You signed in with another tab or window. Reload to refresh your session.You signed out in another tab or window. Reload to refresh your session.You switched accounts on another tab or window. Reload to refresh your session.Dismiss alert
HiFi-SR is a Python-based pipeline for the detection of plant mitochondrial structural rearrangements based on the mapping of PacBio high-fidelity (HiFi) reads or Circular Consensus Sequencing (ccs) data, to a reference genome (i.e., the hypothetical master cycle DNA).
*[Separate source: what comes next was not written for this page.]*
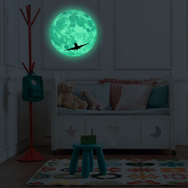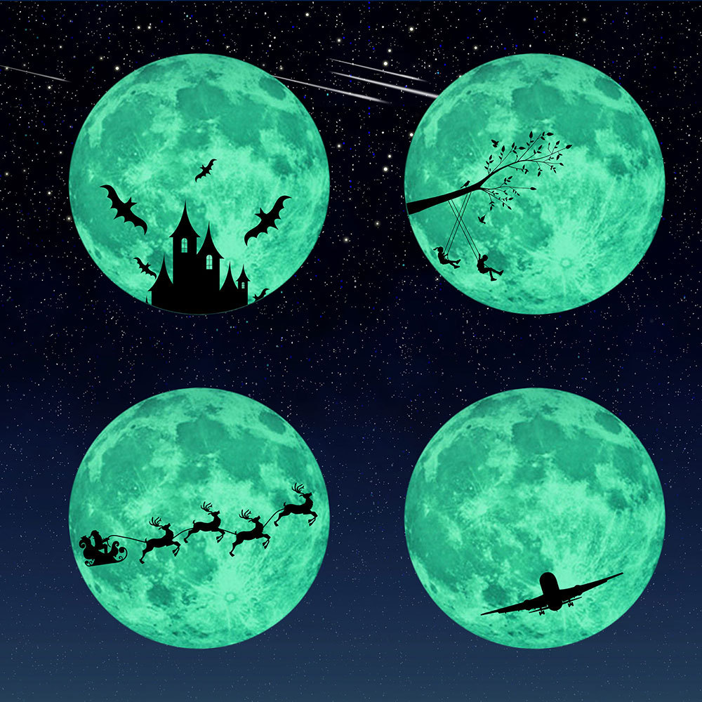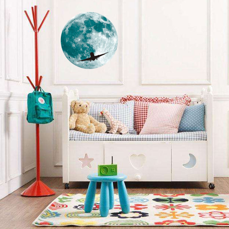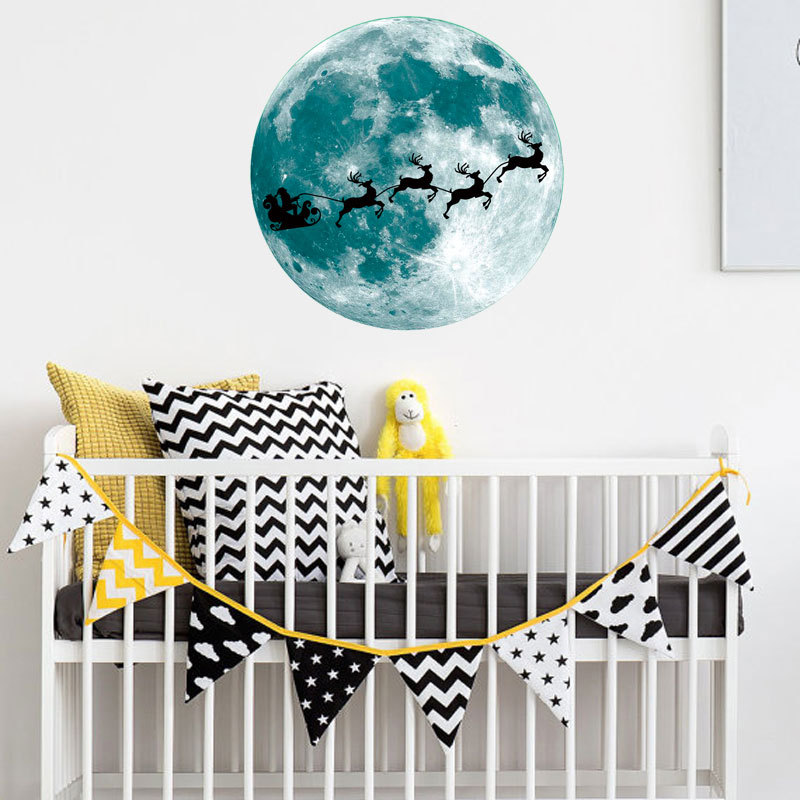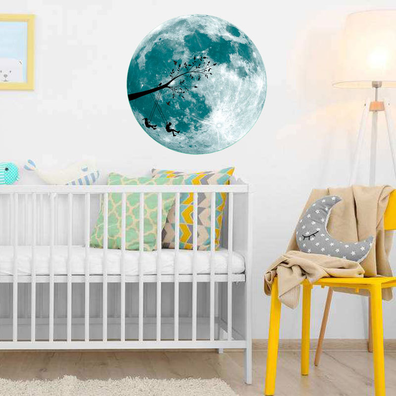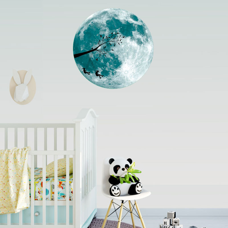 | 三色夜光粉蓝绿光月球星星组合儿童房幼儿园背景装饰自粘墙贴

HiFi-SR also includes useful scripts for organellar genome analyses.
We will continuously make upgrades and modifications to hifisr to enhance its functionality and performance.
Installation
The pipeline has been tested on Ubuntu-24.04. It shall work in other Linux operating system, such as CentOS.
Create a Python Virtual Environment and install required packages
Create and activate a venv environment
# /mnt/software/sys/python/python-3.13.1/bin is your path to the python executable# /mnt/software/scripts/hifisr in the virtual environment directory
mkdir /mnt/software/scripts/hifisr
/mnt/software/sys/python/python-3.13.1/bin/python3.13 -m venv /mnt/software/scripts/hifisr
source /mnt/software/scripts/hifisr/bin/activate
Add the paths of all required software in soft_paths.txt
# Contents of soft_paths.txt: A TAB-delimited File containing software names, and the path to the executable.# If your have the softwares installed, add them directly to the file.# Otherwise, you can install new versions of them.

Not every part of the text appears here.